Spis treści
Nieznane przyczyny śmierci
W poniedziałek w niewyjaśnionych okolicznościach zmarł Przemysław Górnicki. Z szokującej relacji, którą przekazał serwis „Fakt”, wynika, że dramatyczne sceny miały miejsce na siłowni przy ulicy Składowej w Gnieźnie. To właśnie tam spędzał większość czasy, prowadząc swoje zajęcia oraz pracując nad formą.
Śmierć sportowca wstrząsnęła lokalną społecznością. O zdarzeniu poinformowała telewizja TV Gniezno. Na Facebooku pojawiło się mnóstwo komentarzy z kondolencjami.

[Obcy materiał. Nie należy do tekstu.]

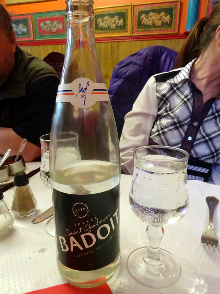 A litre Bottle of Badoit (€6.00) would be shared by Marg and Hector. Clive and Maggie’s Bottle of Still Water may have cost the same.
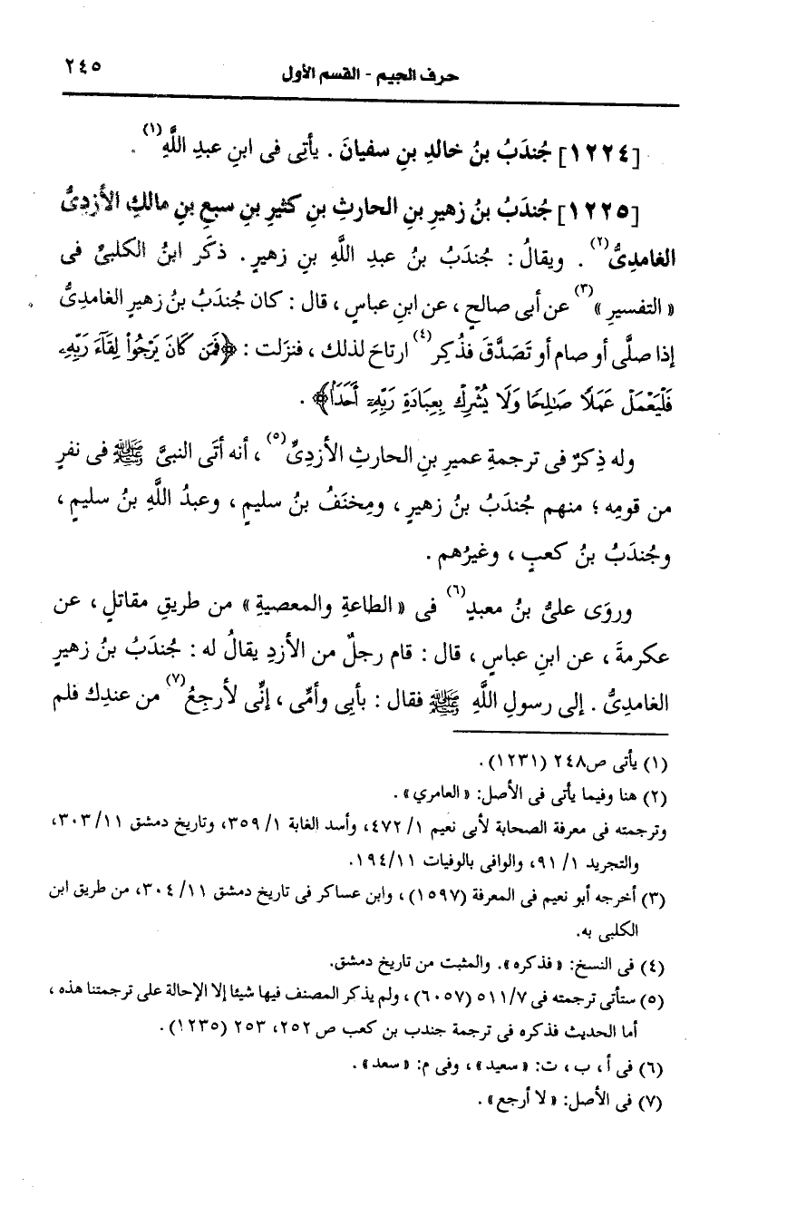 1225- جُندَُب بن زهير بن الحارث بن كثير بن سبع بن مالك الأزدي الغامدي، ويُقال: جُندَُب بن عَبد الله بن زهير الغامدي.

Jak wskazują doniesienia medialne Górnickiego wspomnieli także byli jego podopieczni.
Z ustaleń wynika, że 34-latek zasłabł około godz. 16.00. Początkowo pomocy udzielili świadkowie, a następnie zespół ratownictwa mecycznego. Niestety po godzinie stwierdzono zgon.
– Zgłoszenie wypłynęło o godzinie 15.44. Wiadomo, że przeprowadzono reanimację, mimo to nie udało się uratować mężczyzny. Na miejscu pojawił się prokurator, który zdecydował o przekazaniu ciała rodzinie
– poinformowała asp. sztab. Anna Osińska, rzeczniczka Komendy Powiatowej Policji w Gnieźnie.
Na miejsce dotarła także policja. Obecnie śledczy badają sprawę. Dalsze informacje ws. śmierci mają pojawić się po przeprowadzeniu sekcji zwłok.
Sukcesy zawodowe
Lokalne media informują, że Górnicki był znaną osobą w Gnieźnie. Popularność zyskał tytułem mistrza Europy w trójboju siłowym. Od dwunastu lat był poważanym trenerem personalnym.
Sięgnął również po brązowy medal Mistrzostw Europy GPC i kilkukrotnie zdobył tytuł Mistrzostw Polski GPC. 34-latek mógł poszczycić się kilkoma rekordami.
Wielu sportowców, których trenował chciało pójść w jego ślady.
Przemysław Górnicki bardzo często swoimi zmaganiami na siłowni dzielił się w mediach społecznościowych.
Jego profil na Instagramie obserwuje 3 272 użytkowników.